В дежурной камере держали где-то с час. Затем его забрал товарищ в штатском.
Оперуполномоченный. С какой-то хохлятской фамилией на «О». То ли Фоменко, то ли Хоменко.
Что я там говорил? Что не хотел? Что они первые? Конечно. Я оправдывался. Товарищ никак не реагировал. Сидел неподвижно, как статуя, смотрел прямо в глаза. Потом записывал, уточняя по ходу детали. Спросил про нож. Я ответил. Честно. Я ведь не считаю себя виновным. Спросил, не знаком ли я с потерпевшим. Долговязый – потерпевший? Смешно! Это я потерпевший. Нет, он. Он в больнице, он и потерпевший.
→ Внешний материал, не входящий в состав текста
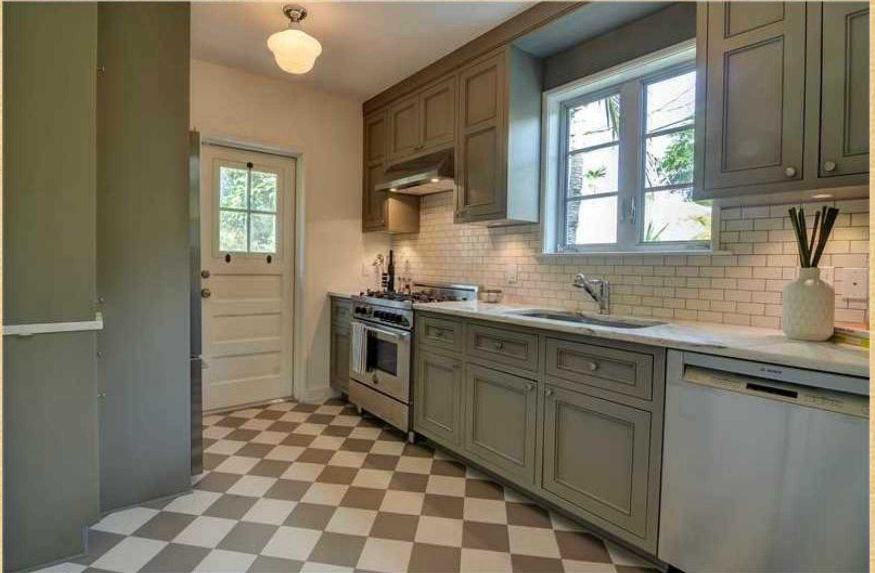
Kitchen - After

Потом я расписывался под текстом, толком его так и не прочитав. Сплошной туман в глазах. Потом снова камера. Еще часа три ожидания. После девушка лет двадцати двух, почти ровесница, сказала, что она следователь и будет вести мое дело. Что-то спрашивала про адвоката. Как и Хоменко-Фоменко, писала, только дольше и подробнее.
Я опять оправдывался, опять подписывал. Она сказала, что задерживает меня на трое суток по подозрению. Когда вели назад в камеру, через приоткрытую дверь кабинета я увидел Анюту. С ней беседовал Фо-Хоменко.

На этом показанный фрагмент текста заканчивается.